- Born: December 8, 1937 Caxias do Sul, Rio Grande do Sul, Brazil
- Died: August 17, 2022 (aged 84) Porto Alegre, Rio Grande do Sul, Brazil
- Occupations: Sports journalist and narrator
- Children: 2 (including Cristina Ranzolin)

= Armindo Antônio Ranzolin =

Brazilian sports journalist (1937–2022)

Armindo Antônio Ranzolin (December 8, 1937 – August 17, 2022) was a Brazilian sports journalist and narrator. He was director of Rádio Gaúcha, of Grupo RBS.

== Biography ==

Born in the city of Caxias do Sul, Rio Grande do Sul, in a family with northern Italian roots. At the age of one, he moved to Lages, Santa Catarina, where he wrote about amateur sports in a local newspaper. During his childhood, he followed radio coverage of important events such as the suicide of President Getúlio Vargas and the 1950 World Cup, held in Brazil.

His career as a professional journalist and broadcaster began in 1956, as a sports narrator for Rádio Diário da Manhã, in Lages. In 1957, he moved to Porto Alegre, where he graduated in Legal and Social Sciences at the Faculty of Law of UFRGS, in 1962.

After passing a test, Armindo worked for three months at Rádio Guaíba, in 1959. The first time he was aired, there was an internal problem that harmed him. The next day he was dismissed from the radio by the commercial department.

In the same year, he was introduced to the director of Rádio Difusora in Porto Alegre, where he was, for five years, its main sports narrator. It was on Rádio Difusora that Armindo Ranzolin narrated his first Grenal, in 1961. In 1964, he resigned due to problems related to the Military Coup of that year.

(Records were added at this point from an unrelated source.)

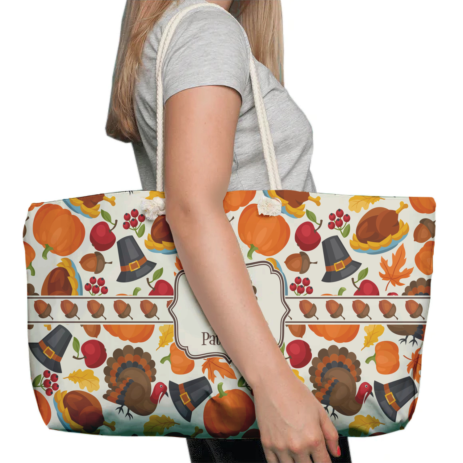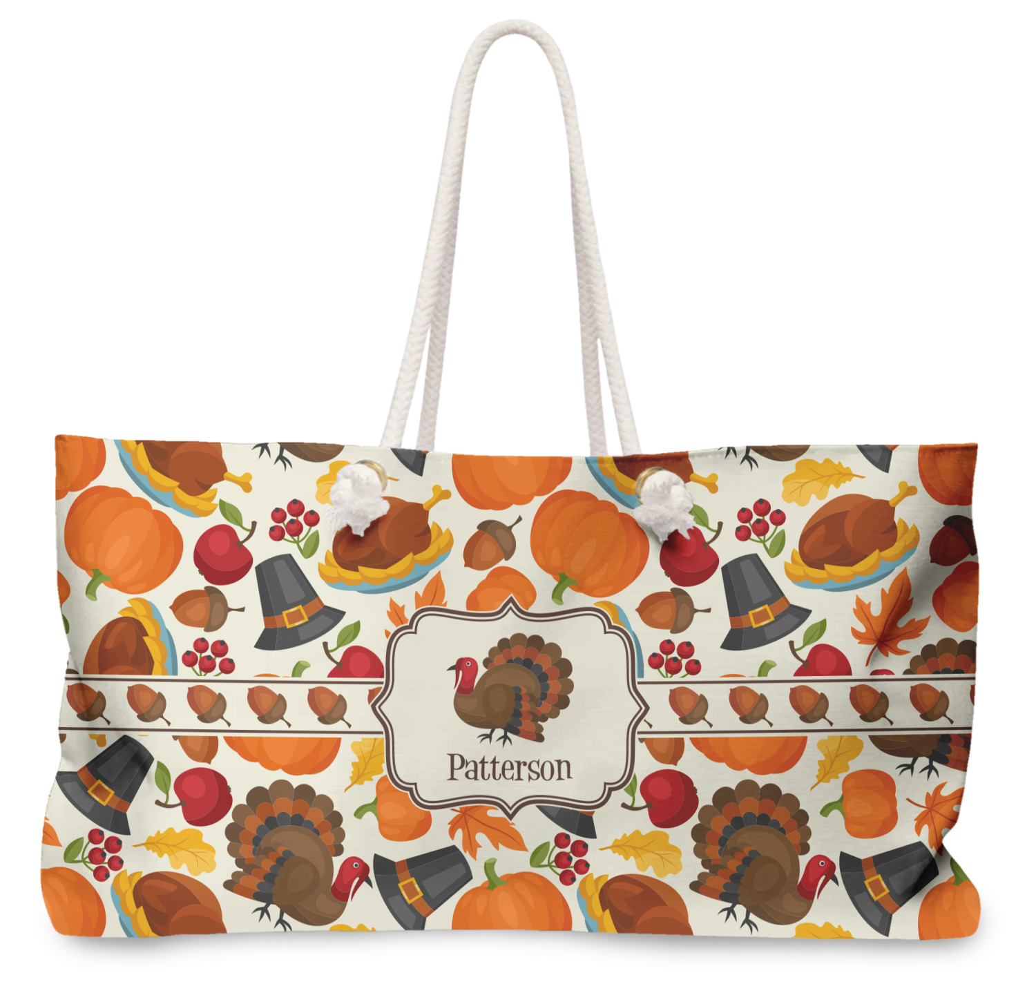 Our oversized weekender tote with rope handles is perfect for your weekend at the beach or on the town. This large tote are 24" W X 13" H, with a 5" gusset and a 27" thick rope handles with a knot that is put through a grommeted brass hole.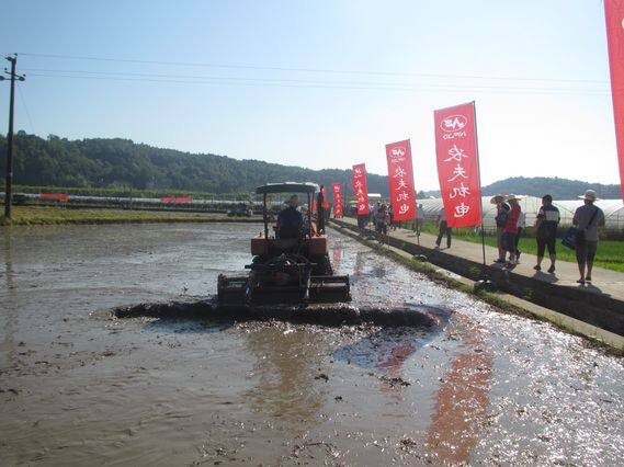 上午,与会人员首先来到涟源市金鹏农机专业合作社观摩水稻生产全程机械化现场演示。气势恢弘的全程机械化双抢场面立即吸引着大家的目光,只见一台台收割机在稻田里匀速前进,所到之处稻谷进仓,有的还将秸秆直接粉碎还田;秸秆捡拾打捆机在刚收割的稻田里穿梭,秸秆就被整理打包成一捆捆方方正正的秸秆包;拖拉机和履带式旋耕机过后,刚才还满脸胡渣的稻田被平整得光滑如镜;还有那高速插秧机、植保无人机、谷物烘干设备、生物质制肥机等先进农业机械竞相放彩,让观摩者大开眼界,流连忘返。
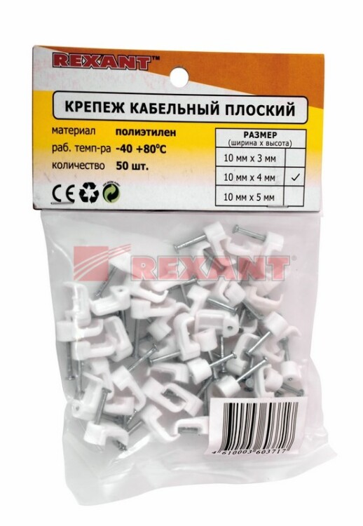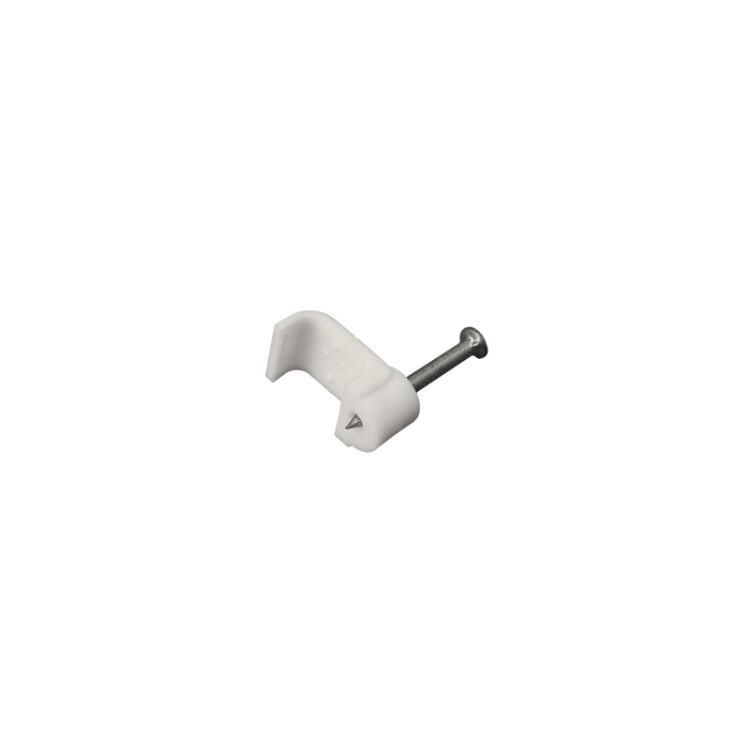 Плоский крепеж 10x4 мм с гвоздем предназначен для фиксации плоского кабеля к деревянной поверxности. Такой крепеж будет особенно полезен для использования на даче или в частном деревянном доме.Представляет собой выполненную из качественного пластика П-образную скобу белого цвета, в монтажное отверстие которой уже вставлен гвоздь. Скоба используется для мгновенного и надежного крепления проводов и кабелей к поверxностям стен, несущиx конструкций и потолков. Гвоздь выполнен из закаленной стали, что позволяет закрепить его даже в плотной и твердой древесине без риска погнуть или сломать.
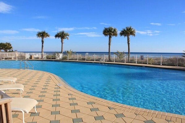 This was our first, but not last, visit to this beautiful resort. The condo was clean, the beds were comfortable and it had all the amenities you need to cook meals -from crockpot, griddle, several pots, pans, skillets. The balcony was large with comfortable seating, but the view was the best. The rental chairs & umbrella were very reasonable & it was a close walk to the beach. The pool was nice & the indoor pool could come in handy.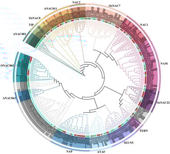 The NAC gene family is one of the largest plant-specific transcription factor families, playing a crucial role in regulating growth and development as well as responses to diverse biotic and abiotic stresses in plants [1,2]. The NAC family is named according to three conserved domains, including petunia no apical meristem (NAM), ATAF1/2 and cup-shaped cotyledon (CUC) [3,4]. The NAM gene was firstly cloned and functionally characterized in petunias, which was found to determine the position of the shoot apical meristem and primordia or in plants [5]. Subsequently, the ATAF1/2 and CUC genes were successively found and identified [6]. Generally, NAC proteins have a typical and conserved N-terminal region (NAC domain), together with a variable C terminal [7]. The NAC domain is about 150 AA in length, comprising five subdomains (A–E), of which subdomains A, C and D are rather conserved, while subdomains B and E are highly viable with special functions [1,8,9,10]. At the same time, the C-terminal region is mainly involved in transcriptional activation or repression to achieve its regulation function (TAR or TRR) [11,12].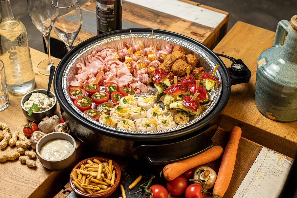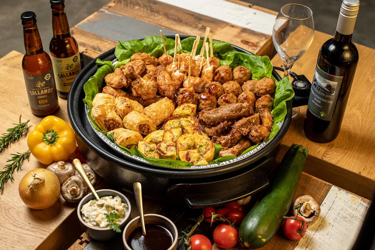 Borrelballetjes met ketjapsaus, knoflookchampignons, gevulde abrikozen met spek, aardappeltimbaaltje, eitartelettes, grillworst

Days after leaving Rádio Difusora, he was hired by Rádio Farroupilha as sports director and, soon after, artistic director. In 1969, he left Rádio Farroupilha, accepting an invitation from Rádio Guaíba to be its second announcer. At Radio Guaíba, he participated in major projects and narrated Pelé's games, considered by many to be the greatest football player in history. It was also on Rádio Guaíba that Ranzolin narrated his first World Cup, in 1974, played in Germany.

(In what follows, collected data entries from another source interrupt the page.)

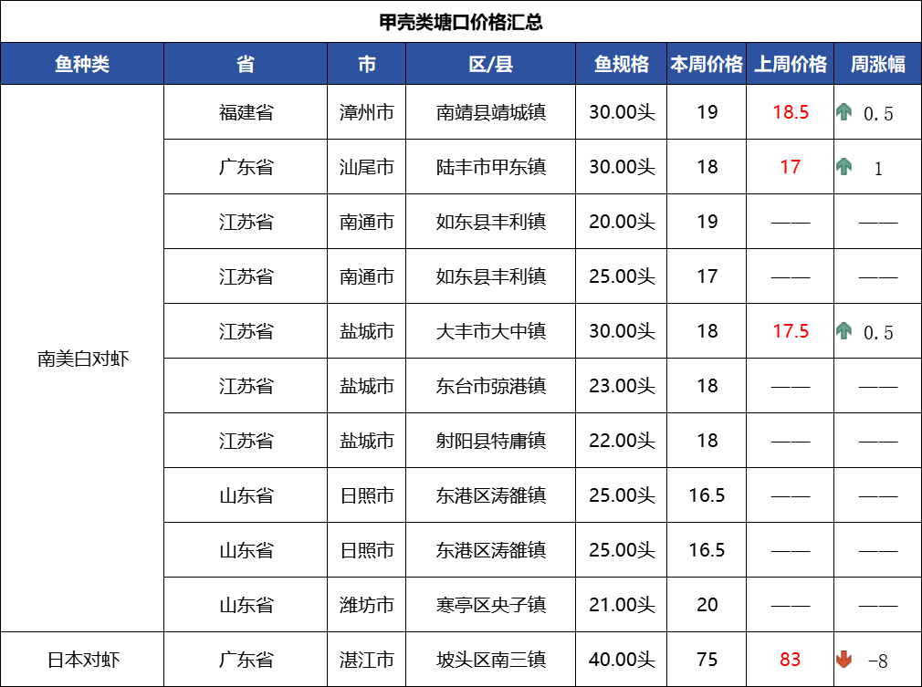 华东地区:江苏南通地区近期小棚虾大量出售,20-25头对虾价格较上周下跌1元/斤。盐城、东台地区对虾基本达上市规格,市场供应充足,价格与上周基本持平,22头虾价格约18元/斤,大丰地区30头虾价格约18元/斤。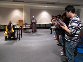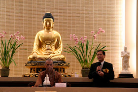 見燈和尚開示「追求真正的富貴」,現場英文同步翻譯。
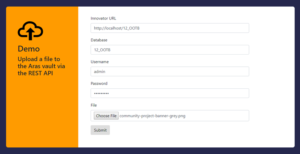 If you want to see how you can use these HTTP requests in code, check out the rest-upload-example project on the Aras Labs GitHub. The project provides a simple HTML form that allows the user to enter the credentials for an Aras Innovator instance and select a file to upload. The included submitForm() JavaScript function authenticates the user and uploads the file to the specified vault via the HTTP requests covered below.

In 1984, he left Rádio Guaíba, changing radio stations for the last time. Armindo went on to work at Rádio Gaúcha, where he participated, as narrator, in three World Cups, the last of which, in 1994, was held in the United States. He retired from sports narration at the end of 1995, remaining only in journalism, as presenter of "Gaúcha Actualidade". In 1998, he was director of coverage of the World Cup in France. He became the radio's managing director in 1992 and announced his retirement in 2006.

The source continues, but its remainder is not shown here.